日本経済新聞社が実施した「NEXTユニコーン調査」では未上場スタートアップ企業の旺盛な海外進出意欲が浮き彫りになった。「最初から海外展開を視野」と回答した企業が全体の50%を占め、「展開済み」とした企業も16%だった。起業の時点から海外進出を前提に事業モデルを作ることが成長に不可欠とみているようだ。

■進出先、東南アジアが首位

推計企業価値で14位だった生体認証技術開発のLiquid(リキッド、東京・千代田)は東南アジアで足場を築きつつある。指紋や静脈を使った決済サービスを提供しており、久田康弘社長は「認証技術のインフラがない新興国の方が商機がある」と話す。

フィリピンでは警察当局などと組み本人確認システムの実験を進める。インドネシアでは現地財閥のサリム・グループと合弁会社を設立。サリム傘下のコンビニエンスストアなどにキャッシュレス決済を広げる計画だ。

既に海外展開している企業に進出先を聞いたところ、東南アジアが35%と最多だった。IT(情報技術)分野を中心に欧米の大手企業が出遅れており、新興企業には比較的攻めやすい市場に映っているようだ。

製造業でも動きが出ている。超小型電動自動車開発のFOMM(川崎市)はタイに10億バーツ(約34億円)を投じて工場を設ける。2019年2月にも量産を始め、政府系の地方配電公社を通じ販売する。渋滞問題が深刻化する新興国では小回りの利く車の需要は大きく、成長の余地は大きい。

スマートフォン(スマホ)決済のオリガミ(東京・港)は9月、中国銀聯子会社の銀聯国際などから66億6000万円を調達した。銀聯国際のネットワークを活用し、19年3月までに中国や東南アジアなど750万店舗でスマホ決済を利用できるようにする計画だ。

スタートアップ先進国である米国への関心も高い。調査で今後の展開地域として北米を挙げた企業が47%と最多だった。米国での実績は認知度の向上につながり、その後の事業展開の弾みになると考えているようだ。

電動車いす開発のWHILL(横浜市)は設立翌年の13年に米国で市場調査を始め、16年に進出した。英国などでも事業を展開している。

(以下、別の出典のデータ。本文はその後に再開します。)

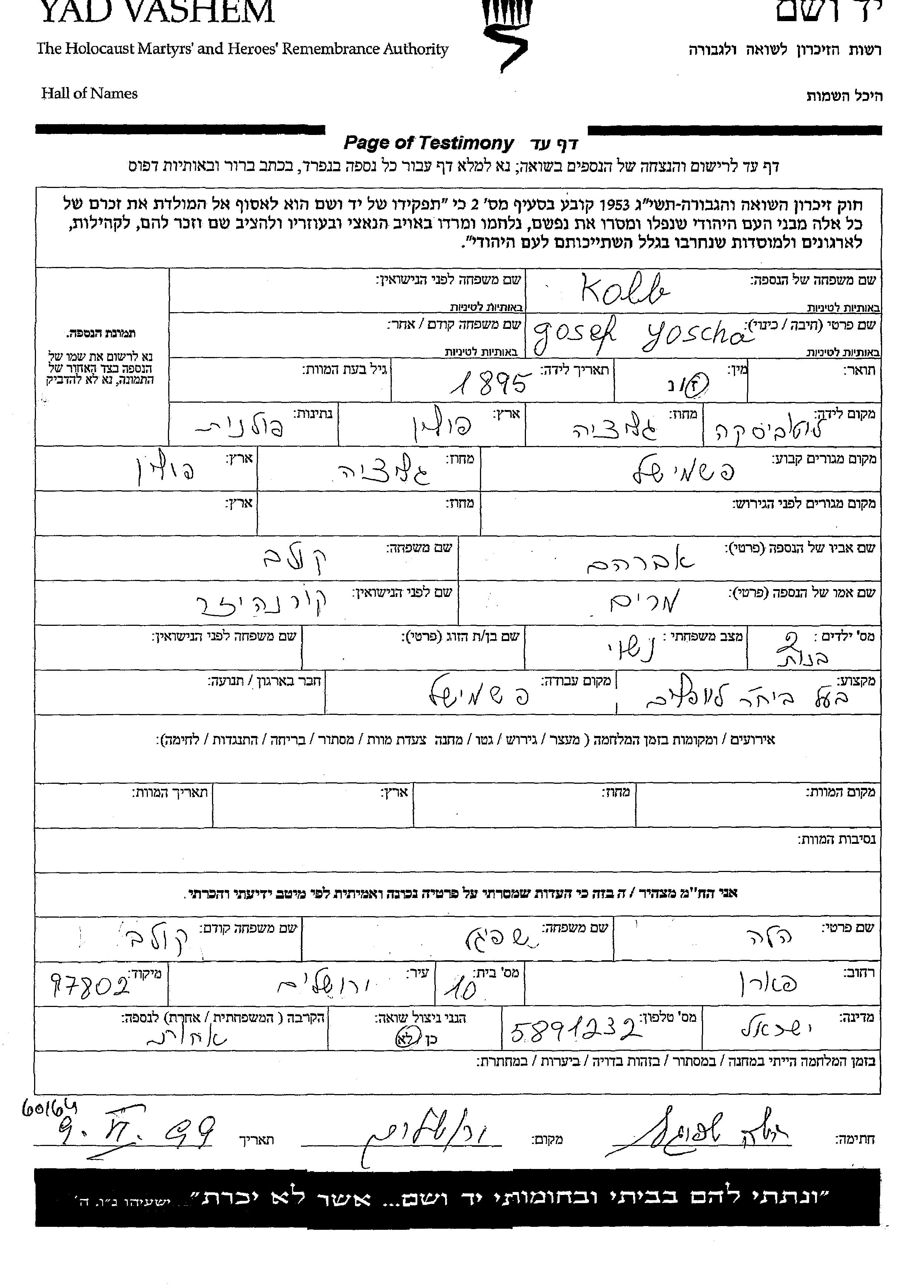 Kolb Gosef 1895 Przemysl, Pologne Feuille de témoignage

各社の課題は海外進出後に売れる製品やサービスを継続的に生み出せるかにある。現地に通じた人材の確保や、地場企業との提携といった戦略も進めながら根を下ろしていくことが必要になる。

■出口戦略「IPOのみ」75%

「NEXTユニコーン調査」では投資回収の方法である「出口戦略」についても聞いた。新規株式公開(IPO)だけを考えている企業が75%を占める一方、M&A(合併・買収)による売却を検討する企業もある。2017年11月の前回調査で企業価値が上位だった企業からは、上場したり他社の子会社になったりといった事例も出た。各社の成長シナリオの選択肢は広がっている。

出口戦略について回答した146社のうち109社が「株式上場を考えている」とし、78社が「すでに具体的な準備に入っている」と答えた。目的は「株式市場での資金調達」が79%と最多で「知名度・信用力の向上」(67%)、「人材採用の加速」(41%)が続いた。